**Aim of the exercise**: All lines in the records below from the line with "6月20日上午,重庆市合川区" through the line with "Deze notensilo met" are to be given again exactly, both ends included; the pictures are to be left out.

**Records for this task**:
::::::::
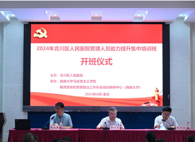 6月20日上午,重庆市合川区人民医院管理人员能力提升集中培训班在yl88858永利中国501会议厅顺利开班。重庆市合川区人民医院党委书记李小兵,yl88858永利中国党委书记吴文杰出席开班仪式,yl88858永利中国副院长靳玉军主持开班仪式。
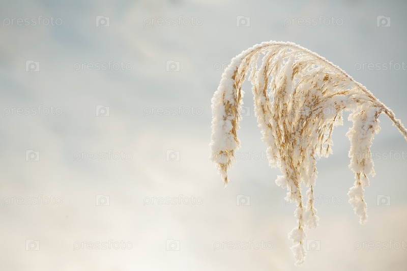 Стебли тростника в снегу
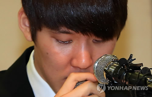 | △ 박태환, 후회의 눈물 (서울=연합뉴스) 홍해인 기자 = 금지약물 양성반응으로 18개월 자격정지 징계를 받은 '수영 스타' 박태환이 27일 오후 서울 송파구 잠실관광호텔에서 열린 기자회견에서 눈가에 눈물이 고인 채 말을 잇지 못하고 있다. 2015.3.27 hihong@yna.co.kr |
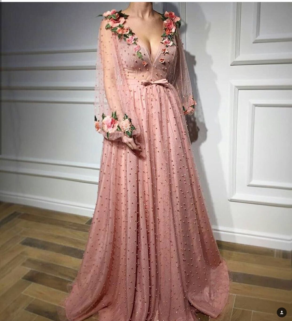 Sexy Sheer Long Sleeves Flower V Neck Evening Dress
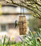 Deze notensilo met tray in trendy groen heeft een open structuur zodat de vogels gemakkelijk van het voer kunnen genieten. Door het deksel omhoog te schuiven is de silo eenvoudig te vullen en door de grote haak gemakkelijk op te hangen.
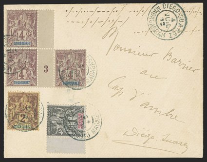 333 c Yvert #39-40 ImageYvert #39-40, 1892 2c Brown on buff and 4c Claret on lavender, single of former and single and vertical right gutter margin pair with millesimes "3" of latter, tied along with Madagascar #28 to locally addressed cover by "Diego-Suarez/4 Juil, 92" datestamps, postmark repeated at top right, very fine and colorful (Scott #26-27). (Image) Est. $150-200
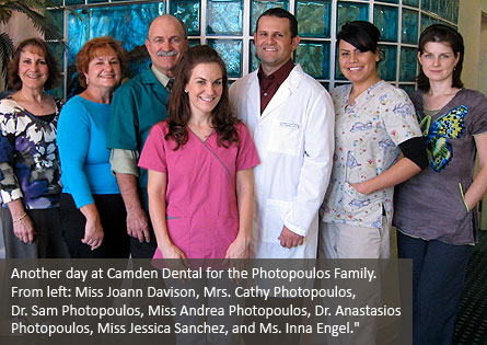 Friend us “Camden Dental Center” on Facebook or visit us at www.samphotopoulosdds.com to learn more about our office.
::::::::
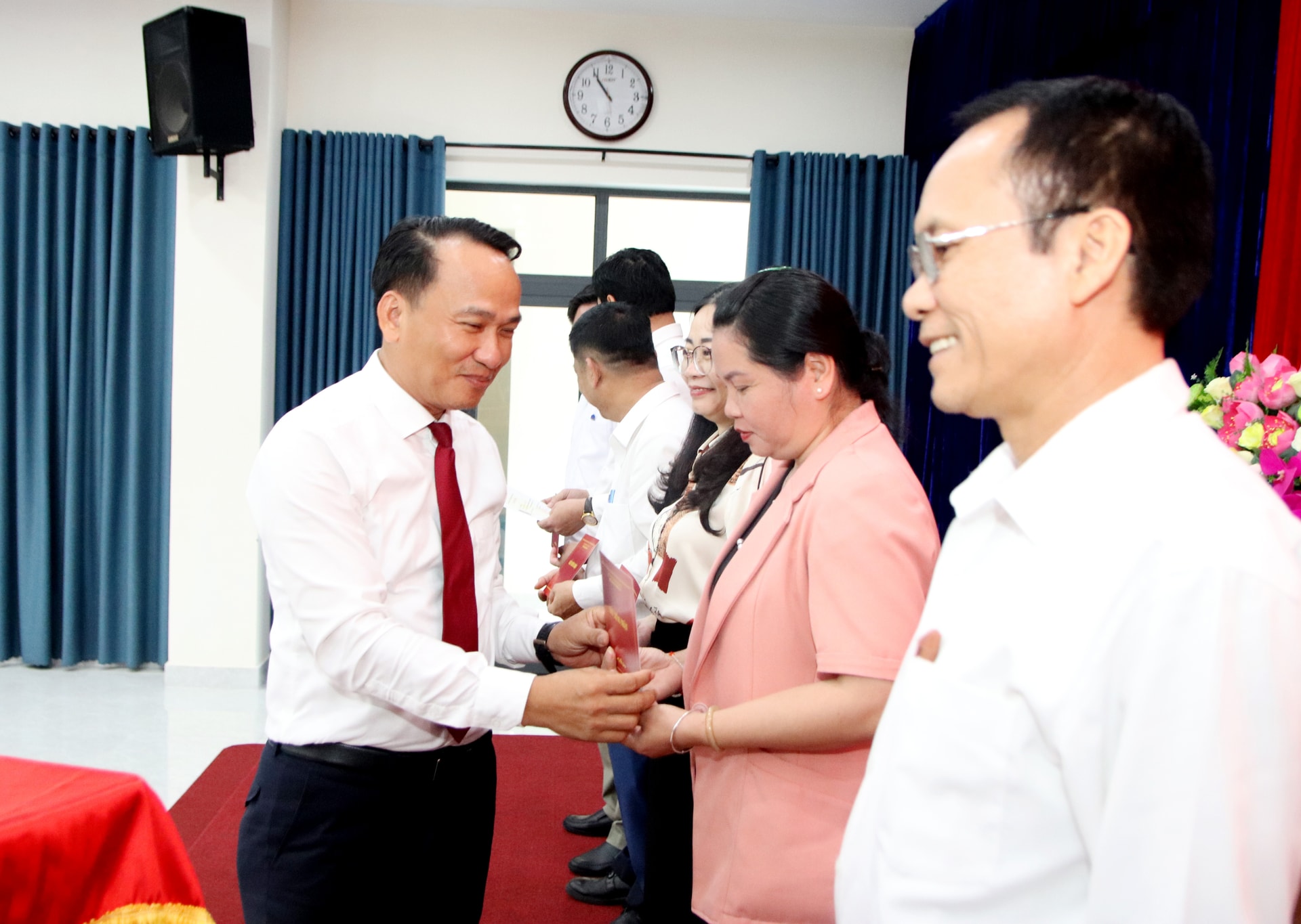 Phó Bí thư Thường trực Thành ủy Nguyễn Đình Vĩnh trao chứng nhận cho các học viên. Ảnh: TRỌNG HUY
::::::::
**Exercise solution**:
 6月20日上午,重庆市合川区人民医院管理人员能力提升集中培训班在yl88858永利中国501会议厅顺利开班。重庆市合川区人民医院党委书记李小兵,yl88858永利中国党委书记吴文杰出席开班仪式,yl88858永利中国副院长靳玉军主持开班仪式。
 Стебли тростника в снегу
 | △ 박태환, 후회의 눈물 (서울=연합뉴스) 홍해인 기자 = 금지약물 양성반응으로 18개월 자격정지 징계를 받은 '수영 스타' 박태환이 27일 오후 서울 송파구 잠실관광호텔에서 열린 기자회견에서 눈가에 눈물이 고인 채 말을 잇지 못하고 있다. 2015.3.27 hihong@yna.co.kr |
 Sexy Sheer Long Sleeves Flower V Neck Evening Dress
 Deze notensilo met tray in trendy groen heeft een open structuur zodat de vogels gemakkelijk van het voer kunnen genieten. Door het deksel omhoog te schuiven is de silo eenvoudig te vullen en door de grote haak gemakkelijk op te hangen.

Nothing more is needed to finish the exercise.